* _Exercise brief_: Start the copy at the line holding "リメイクデニムBIGトートバッグ★パグフォーンSPECIAL" and continue it exactly through the last line of the entries, leaving out pictures and anything else.

(Items from a data source)
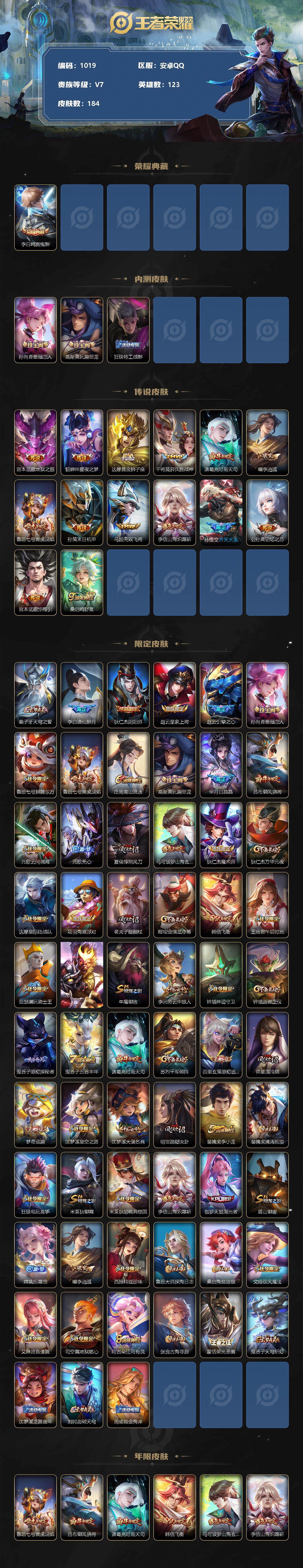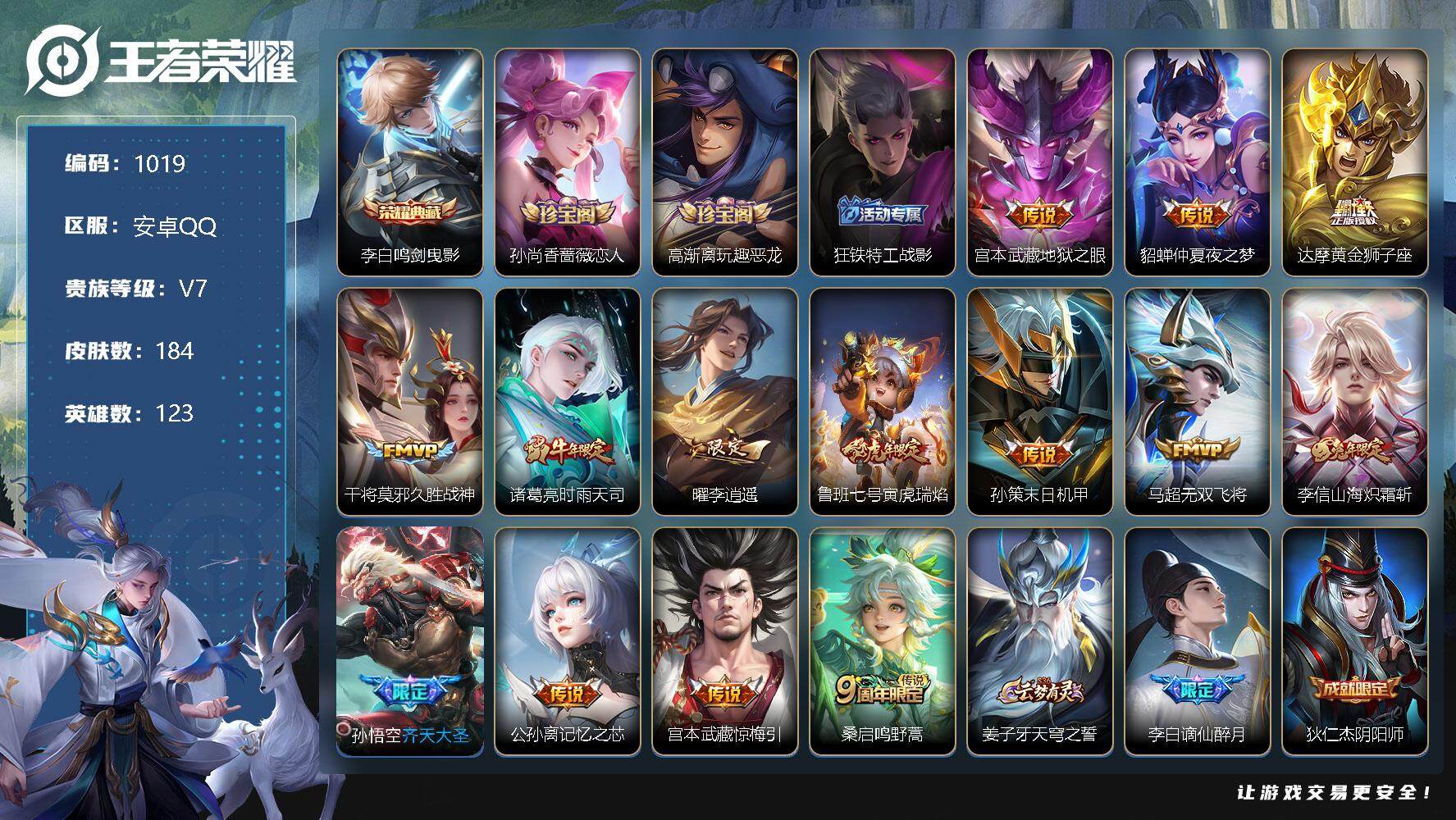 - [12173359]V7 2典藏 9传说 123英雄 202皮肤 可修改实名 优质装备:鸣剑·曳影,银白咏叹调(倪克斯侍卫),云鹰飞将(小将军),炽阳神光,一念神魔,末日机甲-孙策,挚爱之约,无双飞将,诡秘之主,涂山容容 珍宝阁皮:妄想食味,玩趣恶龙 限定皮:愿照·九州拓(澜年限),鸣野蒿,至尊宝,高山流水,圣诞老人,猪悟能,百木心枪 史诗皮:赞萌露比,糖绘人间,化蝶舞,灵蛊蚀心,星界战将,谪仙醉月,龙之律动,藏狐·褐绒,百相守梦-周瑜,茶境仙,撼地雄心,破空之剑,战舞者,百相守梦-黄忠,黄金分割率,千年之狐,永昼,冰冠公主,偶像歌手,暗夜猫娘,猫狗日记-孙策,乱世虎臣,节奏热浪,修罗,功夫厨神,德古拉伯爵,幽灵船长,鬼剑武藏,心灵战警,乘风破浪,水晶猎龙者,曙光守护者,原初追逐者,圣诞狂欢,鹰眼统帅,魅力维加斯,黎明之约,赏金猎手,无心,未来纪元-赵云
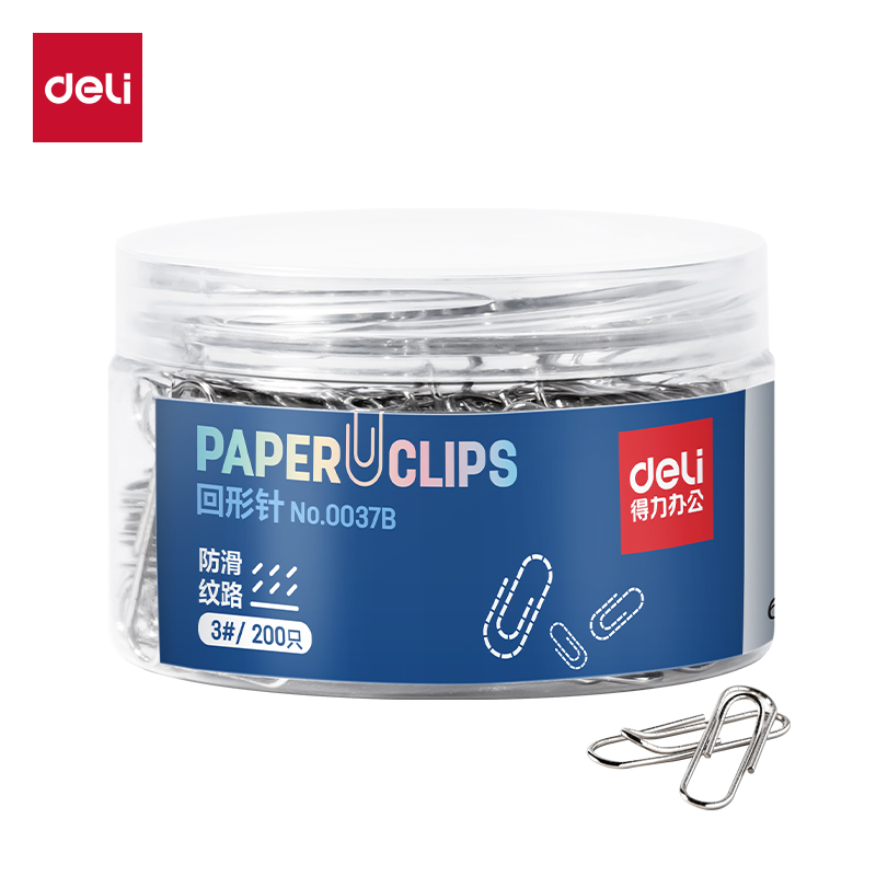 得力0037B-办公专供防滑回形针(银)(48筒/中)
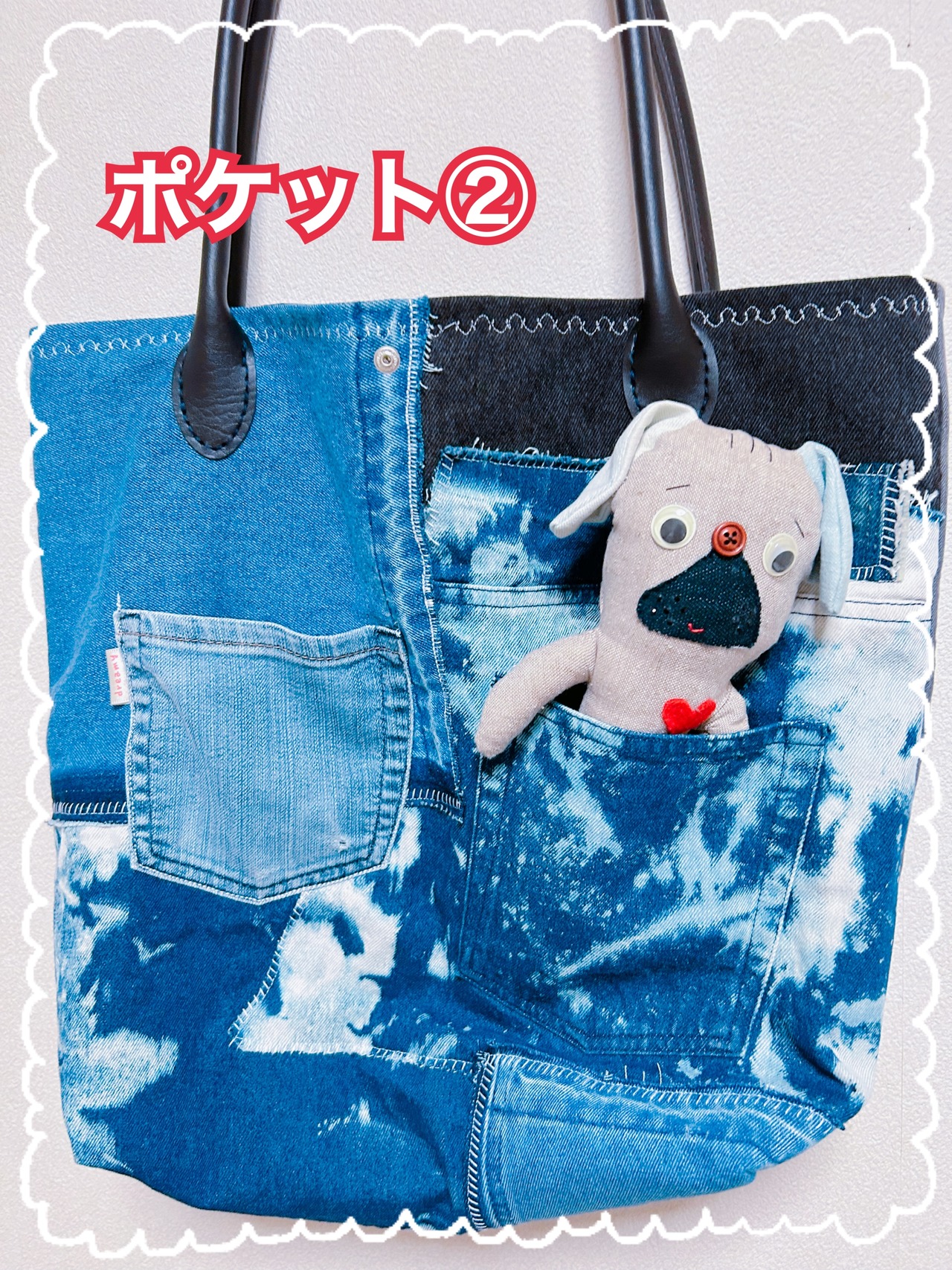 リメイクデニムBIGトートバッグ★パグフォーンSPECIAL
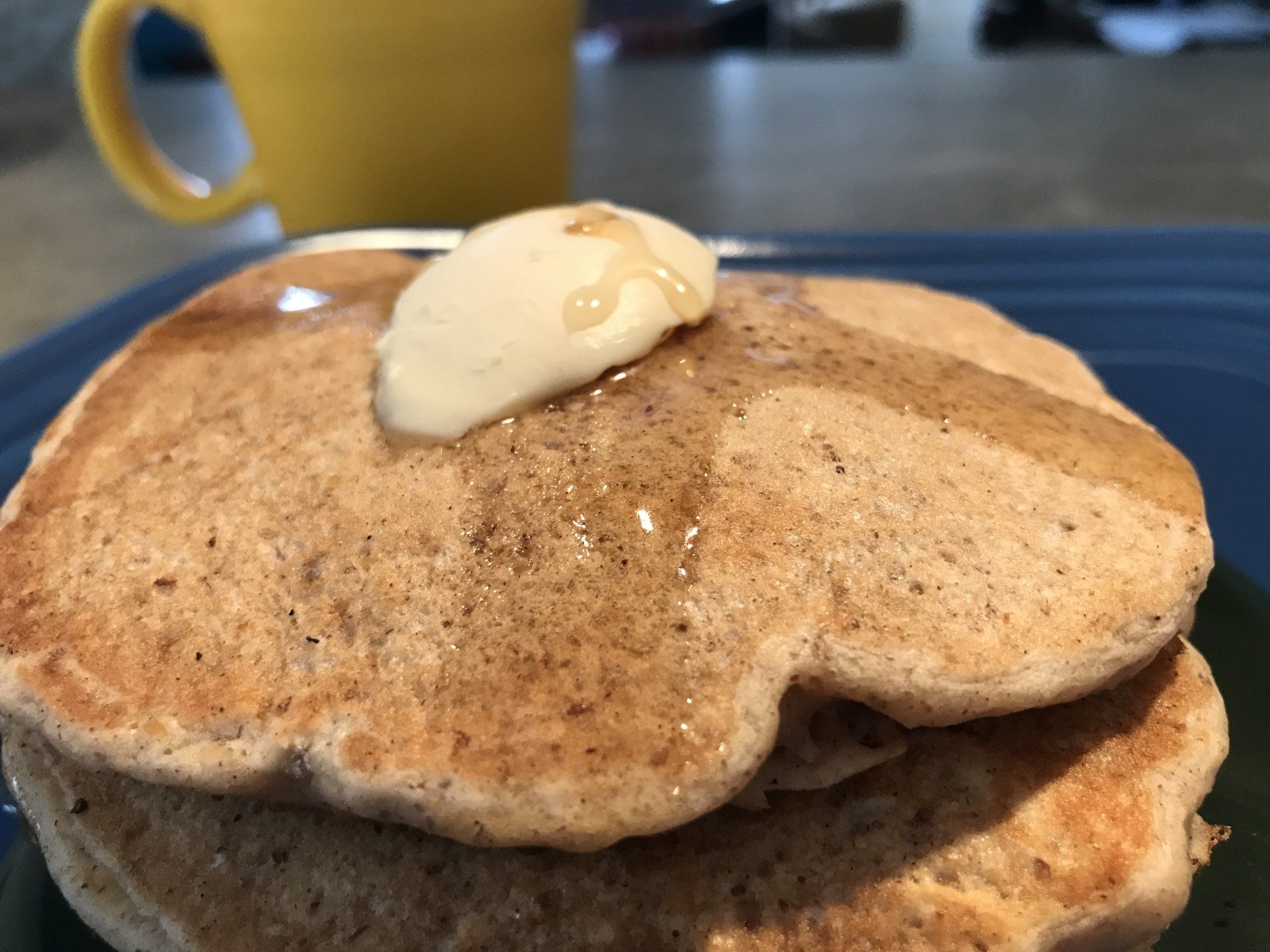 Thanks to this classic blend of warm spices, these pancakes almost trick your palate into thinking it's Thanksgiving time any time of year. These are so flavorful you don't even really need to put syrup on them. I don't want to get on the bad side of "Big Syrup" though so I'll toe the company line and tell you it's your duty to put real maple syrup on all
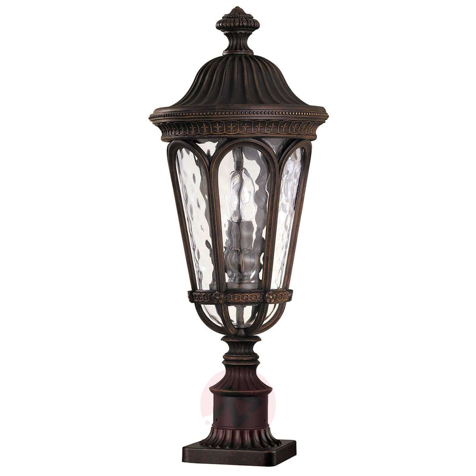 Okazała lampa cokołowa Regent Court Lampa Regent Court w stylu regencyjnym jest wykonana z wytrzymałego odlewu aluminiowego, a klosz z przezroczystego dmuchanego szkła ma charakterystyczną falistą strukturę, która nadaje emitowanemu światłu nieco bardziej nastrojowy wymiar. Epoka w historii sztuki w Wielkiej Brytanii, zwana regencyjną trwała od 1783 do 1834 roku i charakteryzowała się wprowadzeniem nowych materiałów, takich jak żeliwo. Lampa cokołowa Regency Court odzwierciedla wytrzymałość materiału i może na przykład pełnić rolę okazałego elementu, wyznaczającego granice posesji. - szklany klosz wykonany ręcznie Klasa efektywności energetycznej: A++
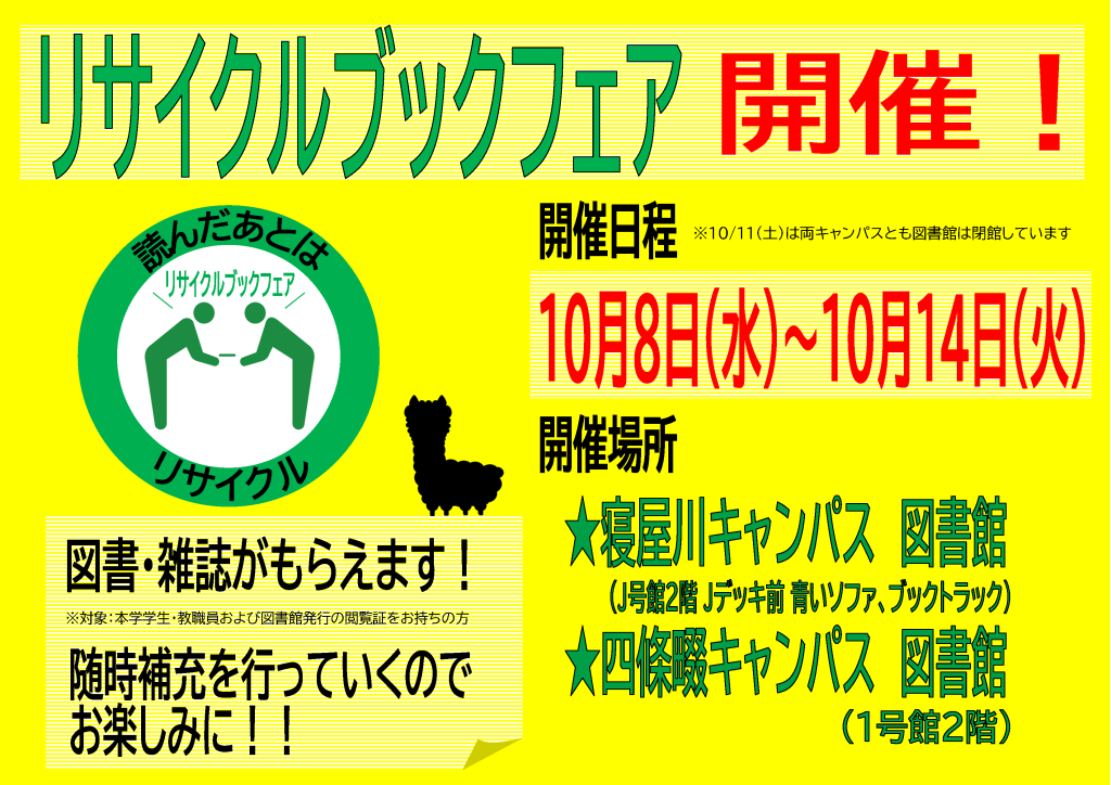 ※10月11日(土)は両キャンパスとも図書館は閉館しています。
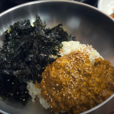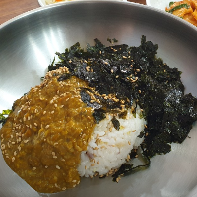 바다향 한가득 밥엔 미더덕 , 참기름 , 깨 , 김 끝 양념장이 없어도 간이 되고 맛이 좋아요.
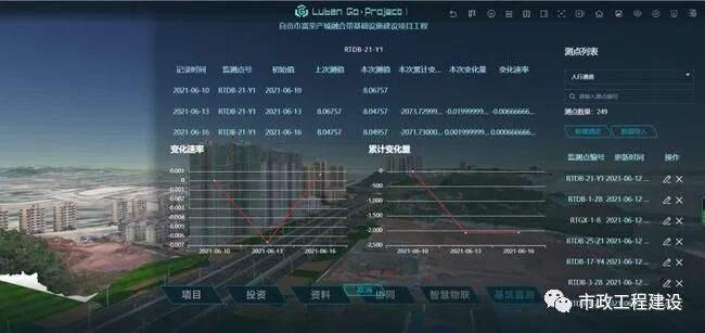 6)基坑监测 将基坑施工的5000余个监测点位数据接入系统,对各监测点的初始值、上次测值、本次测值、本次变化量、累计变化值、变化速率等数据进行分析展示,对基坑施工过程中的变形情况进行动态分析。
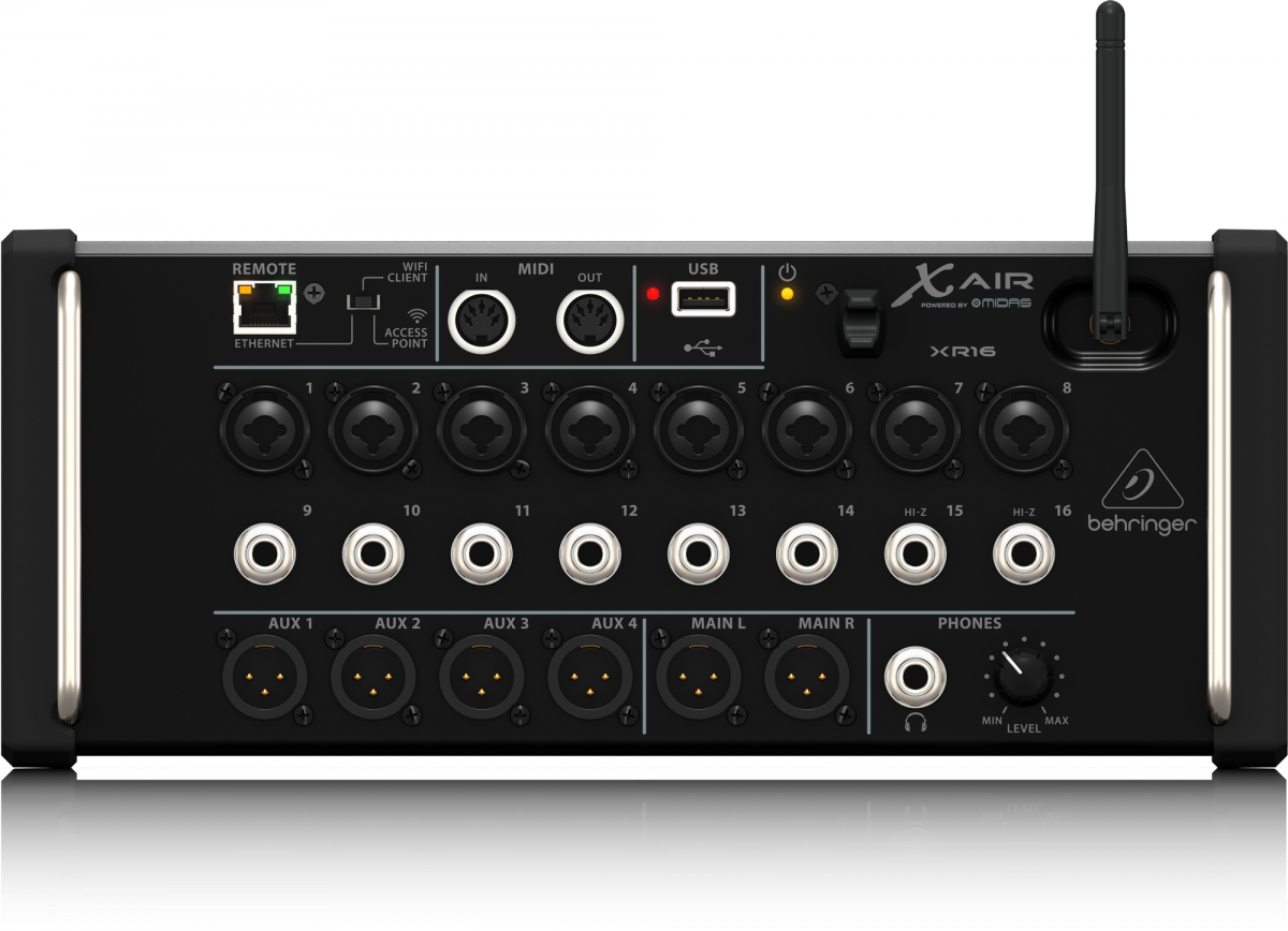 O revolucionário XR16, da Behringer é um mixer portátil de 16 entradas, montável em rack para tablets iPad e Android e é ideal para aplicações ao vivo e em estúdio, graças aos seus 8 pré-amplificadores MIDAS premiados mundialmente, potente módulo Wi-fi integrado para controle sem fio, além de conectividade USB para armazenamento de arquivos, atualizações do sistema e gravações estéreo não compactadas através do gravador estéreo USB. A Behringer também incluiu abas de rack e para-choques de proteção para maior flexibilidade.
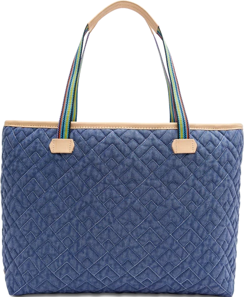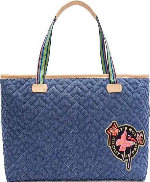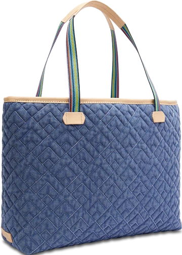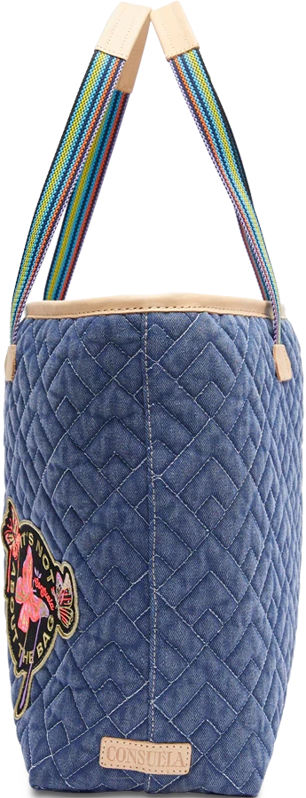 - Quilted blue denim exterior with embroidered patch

* _Exercise answer_:
 リメイクデニムBIGトートバッグ★パグフォーンSPECIAL
 Thanks to this classic blend of warm spices, these pancakes almost trick your palate into thinking it's Thanksgiving time any time of year. These are so flavorful you don't even really need to put syrup on them. I don't want to get on the bad side of "Big Syrup" though so I'll toe the company line and tell you it's your duty to put real maple syrup on all
 Okazała lampa cokołowa Regent Court Lampa Regent Court w stylu regencyjnym jest wykonana z wytrzymałego odlewu aluminiowego, a klosz z przezroczystego dmuchanego szkła ma charakterystyczną falistą strukturę, która nadaje emitowanemu światłu nieco bardziej nastrojowy wymiar. Epoka w historii sztuki w Wielkiej Brytanii, zwana regencyjną trwała od 1783 do 1834 roku i charakteryzowała się wprowadzeniem nowych materiałów, takich jak żeliwo. Lampa cokołowa Regency Court odzwierciedla wytrzymałość materiału i może na przykład pełnić rolę okazałego elementu, wyznaczającego granice posesji. - szklany klosz wykonany ręcznie Klasa efektywności energetycznej: A++
 ※10月11日(土)は両キャンパスとも図書館は閉館しています。
 바다향 한가득 밥엔 미더덕 , 참기름 , 깨 , 김 끝 양념장이 없어도 간이 되고 맛이 좋아요.
 6)基坑监测 将基坑施工的5000余个监测点位数据接入系统,对各监测点的初始值、上次测值、本次测值、本次变化量、累计变化值、变化速率等数据进行分析展示,对基坑施工过程中的变形情况进行动态分析。
 O revolucionário XR16, da Behringer é um mixer portátil de 16 entradas, montável em rack para tablets iPad e Android e é ideal para aplicações ao vivo e em estúdio, graças aos seus 8 pré-amplificadores MIDAS premiados mundialmente, potente módulo Wi-fi integrado para controle sem fio, além de conectividade USB para armazenamento de arquivos, atualizações do sistema e gravações estéreo não compactadas através do gravador estéreo USB. A Behringer também incluiu abas de rack e para-choques de proteção para maior flexibilidade.
 - Quilted blue denim exterior with embroidered patch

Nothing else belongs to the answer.